» **TASK GOAL**
Your output should be everything below from the line containing "LISA LARSON ( SWEDISH" down to the line containing "自分で作ったぐるぐる模様のス", both ends included, copied exactly, with pictures left out.

BEGIN INFORMATION SHOWN

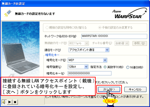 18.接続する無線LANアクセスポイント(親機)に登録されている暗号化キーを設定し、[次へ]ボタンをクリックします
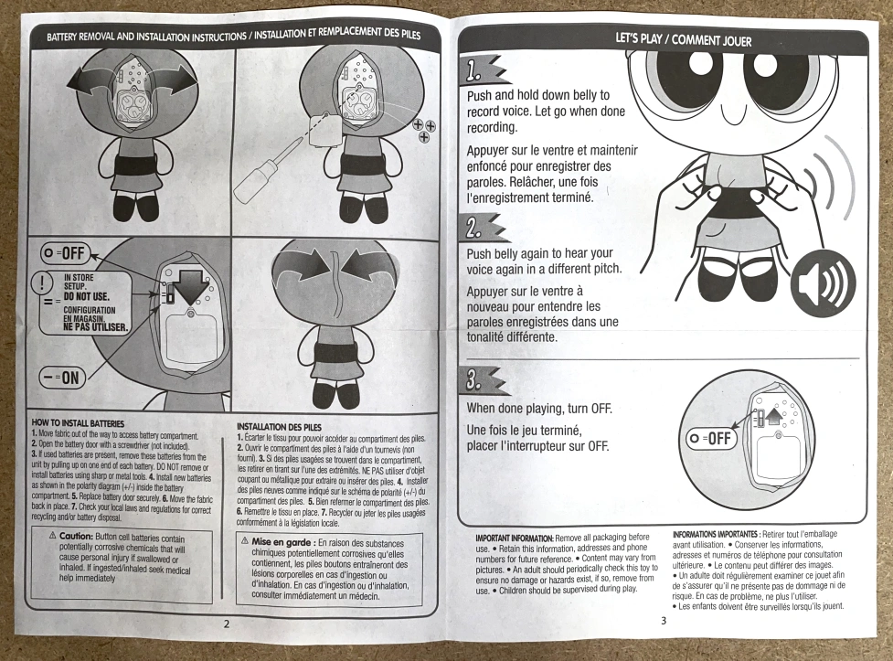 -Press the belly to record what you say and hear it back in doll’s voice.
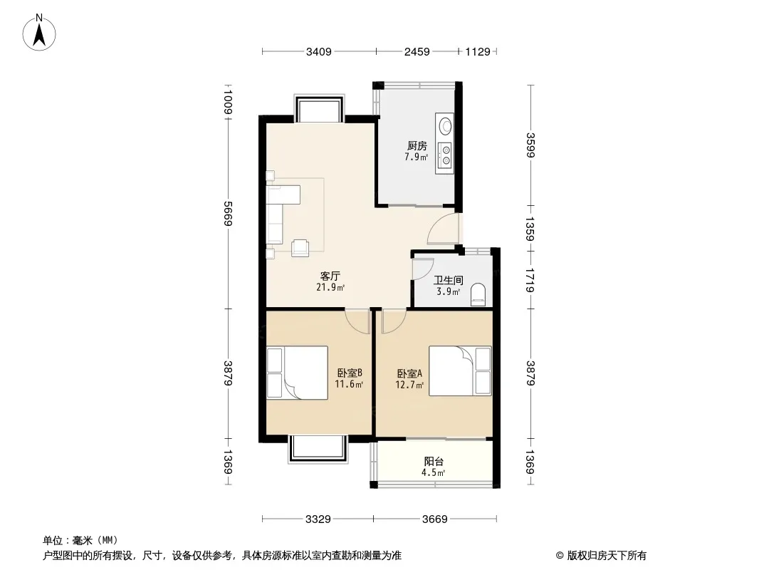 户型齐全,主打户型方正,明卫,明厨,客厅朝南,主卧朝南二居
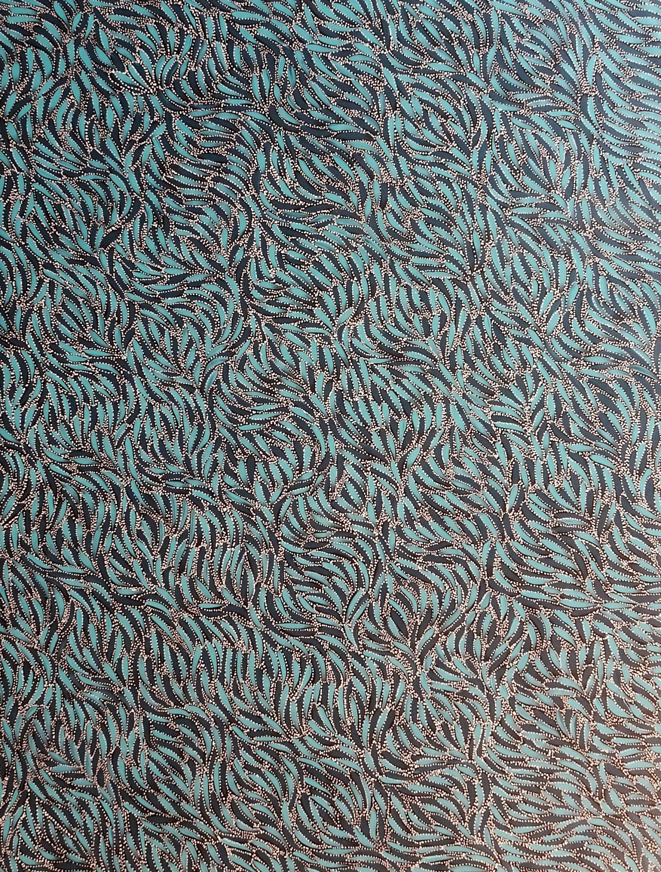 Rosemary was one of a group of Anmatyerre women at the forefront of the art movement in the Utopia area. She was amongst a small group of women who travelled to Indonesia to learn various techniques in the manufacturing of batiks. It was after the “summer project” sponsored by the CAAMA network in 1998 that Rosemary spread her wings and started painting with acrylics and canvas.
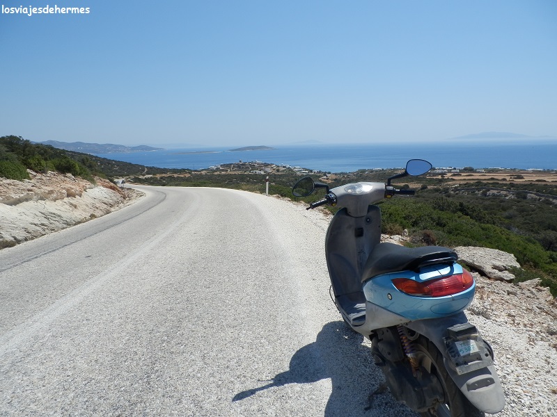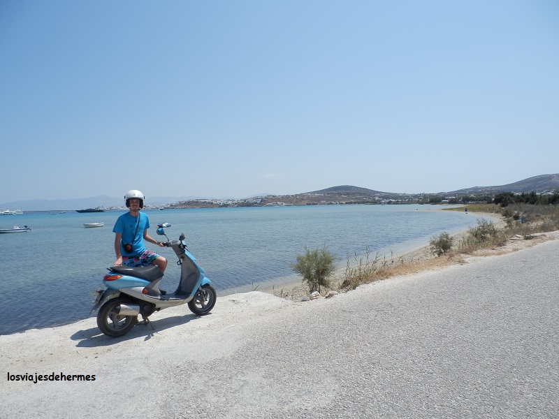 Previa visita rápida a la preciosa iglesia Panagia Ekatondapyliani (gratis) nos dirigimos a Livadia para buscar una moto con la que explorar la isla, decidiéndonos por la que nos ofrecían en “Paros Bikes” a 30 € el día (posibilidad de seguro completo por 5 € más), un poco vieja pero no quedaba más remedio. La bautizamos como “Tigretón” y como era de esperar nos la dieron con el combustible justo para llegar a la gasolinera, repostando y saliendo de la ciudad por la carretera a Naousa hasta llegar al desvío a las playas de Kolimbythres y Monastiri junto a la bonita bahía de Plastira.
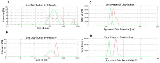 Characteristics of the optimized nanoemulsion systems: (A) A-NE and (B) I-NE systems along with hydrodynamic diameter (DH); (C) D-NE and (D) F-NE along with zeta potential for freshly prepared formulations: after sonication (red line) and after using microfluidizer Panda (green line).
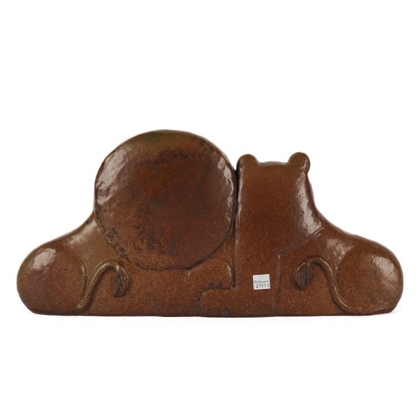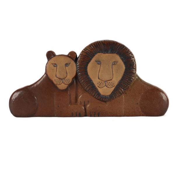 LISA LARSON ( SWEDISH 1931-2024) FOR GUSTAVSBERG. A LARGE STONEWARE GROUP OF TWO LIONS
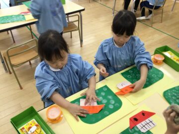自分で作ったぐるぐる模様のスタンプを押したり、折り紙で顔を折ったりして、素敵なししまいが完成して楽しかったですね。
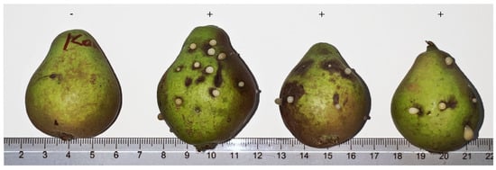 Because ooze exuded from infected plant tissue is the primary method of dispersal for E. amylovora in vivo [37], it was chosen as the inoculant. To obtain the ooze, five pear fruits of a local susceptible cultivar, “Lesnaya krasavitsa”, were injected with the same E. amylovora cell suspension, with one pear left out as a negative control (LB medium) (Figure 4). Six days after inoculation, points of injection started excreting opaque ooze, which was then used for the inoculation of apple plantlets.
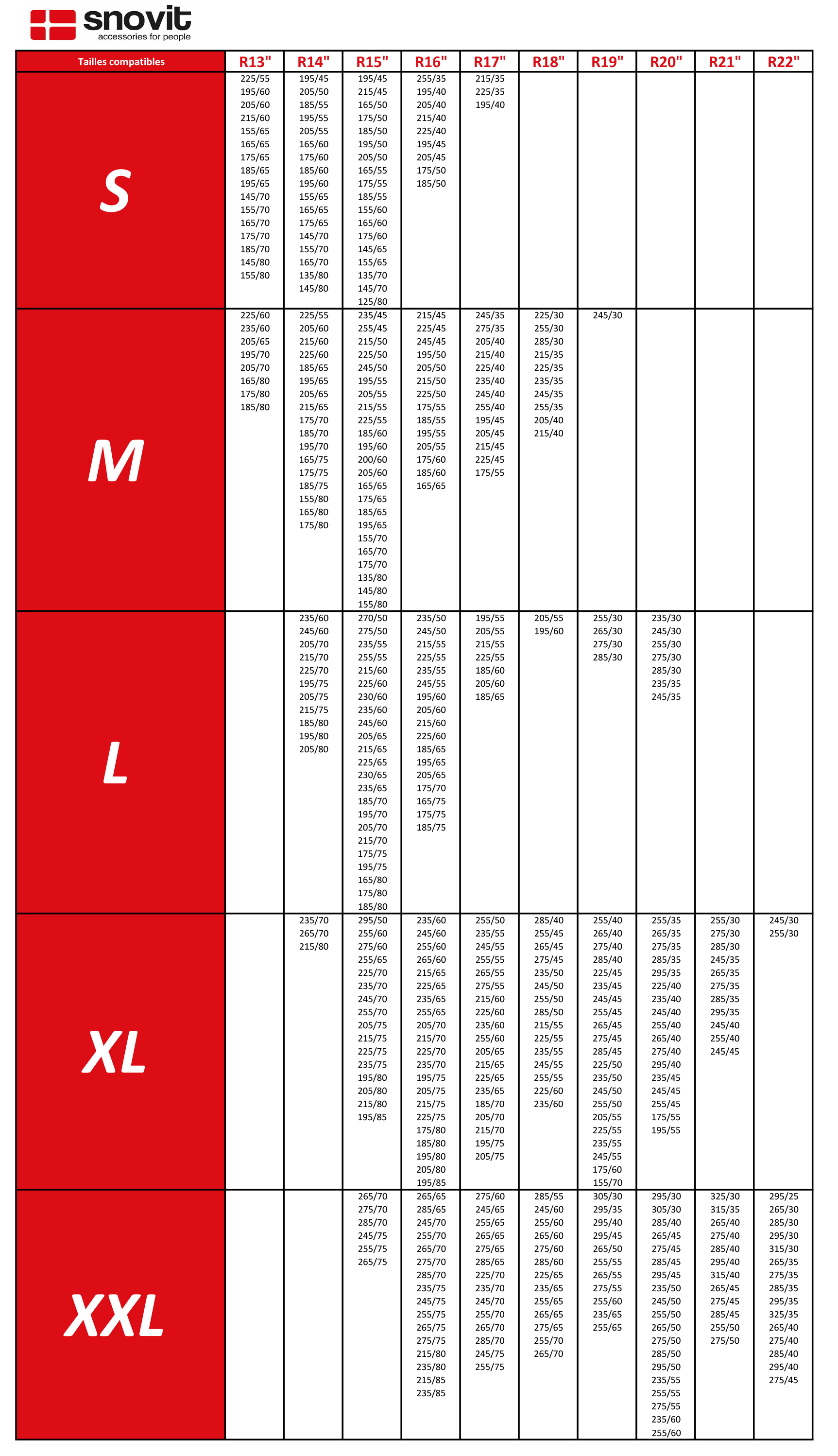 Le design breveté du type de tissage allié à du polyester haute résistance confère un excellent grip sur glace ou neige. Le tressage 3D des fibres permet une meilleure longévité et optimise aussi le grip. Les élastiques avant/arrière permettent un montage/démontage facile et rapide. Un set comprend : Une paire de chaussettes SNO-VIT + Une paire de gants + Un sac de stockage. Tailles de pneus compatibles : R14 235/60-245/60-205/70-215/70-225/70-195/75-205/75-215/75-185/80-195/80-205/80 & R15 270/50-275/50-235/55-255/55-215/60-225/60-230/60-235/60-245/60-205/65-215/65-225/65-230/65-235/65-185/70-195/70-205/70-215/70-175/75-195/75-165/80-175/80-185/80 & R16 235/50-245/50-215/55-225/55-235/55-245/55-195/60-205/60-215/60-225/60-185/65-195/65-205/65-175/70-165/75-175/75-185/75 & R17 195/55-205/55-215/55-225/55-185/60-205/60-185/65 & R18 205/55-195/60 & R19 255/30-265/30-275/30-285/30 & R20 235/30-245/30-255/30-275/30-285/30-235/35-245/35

END INFORMATION SHOWN
BEGIN INFORMATION SHOWN

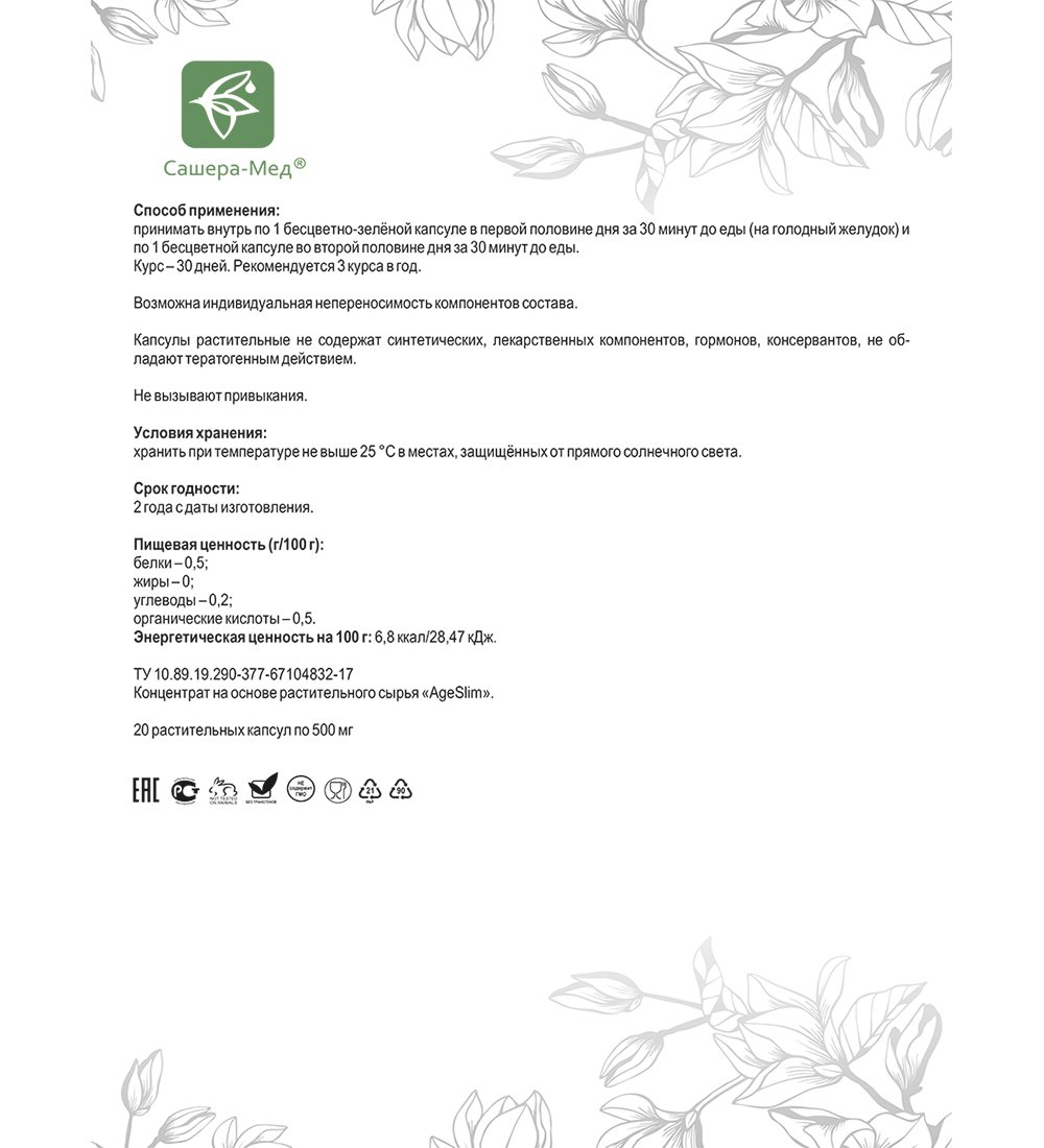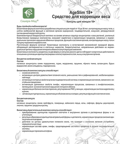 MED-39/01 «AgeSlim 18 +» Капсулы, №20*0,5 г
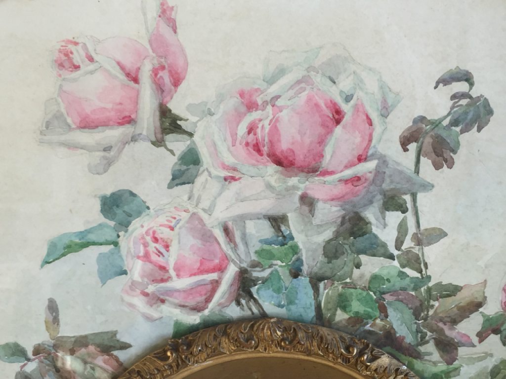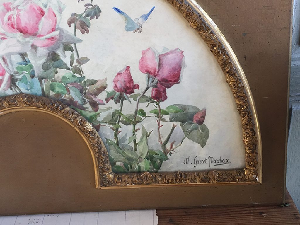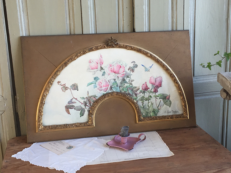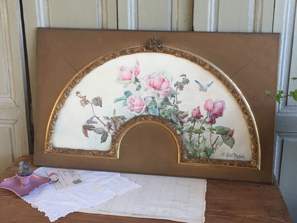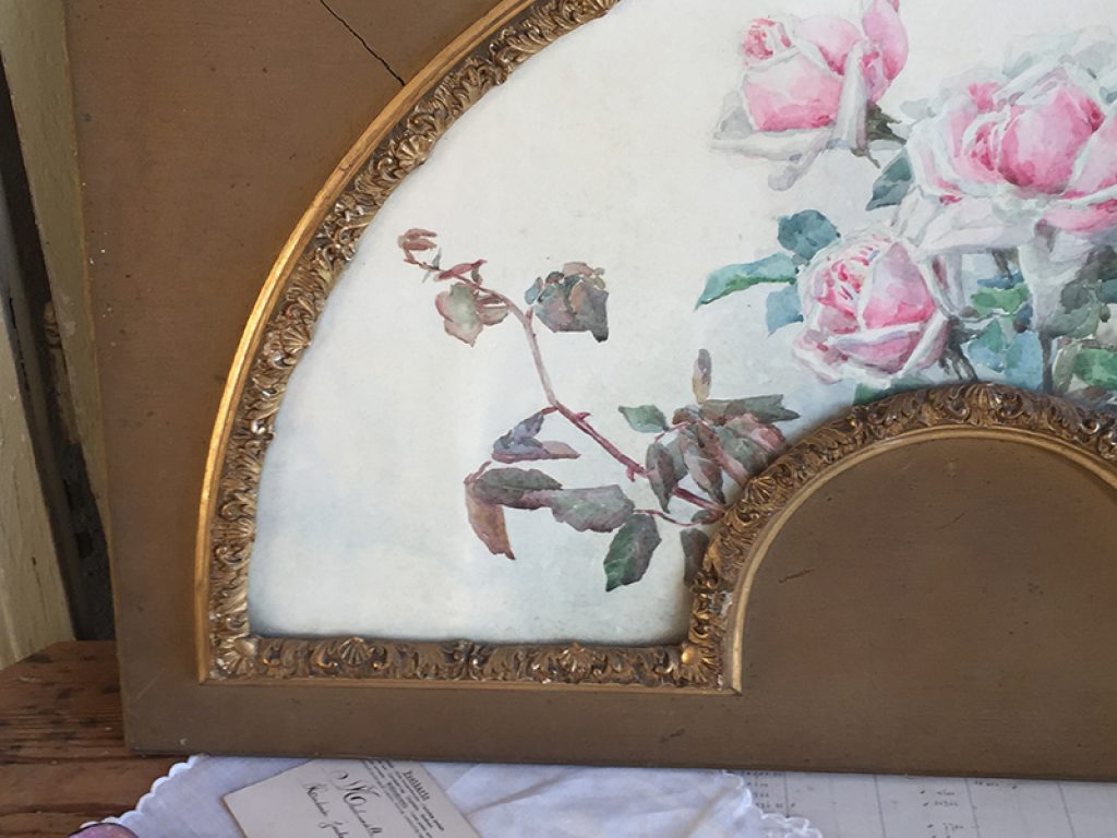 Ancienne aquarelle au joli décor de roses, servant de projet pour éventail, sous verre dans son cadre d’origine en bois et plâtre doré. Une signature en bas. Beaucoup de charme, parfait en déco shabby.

END INFORMATION SHOWN

» **EXERCISE ANSWER**
 LISA LARSON ( SWEDISH 1931-2024) FOR GUSTAVSBERG. A LARGE STONEWARE GROUP OF TWO LIONS
自分で作ったぐるぐる模様のスタンプを押したり、折り紙で顔を折ったりして、素敵なししまいが完成して楽しかったですね。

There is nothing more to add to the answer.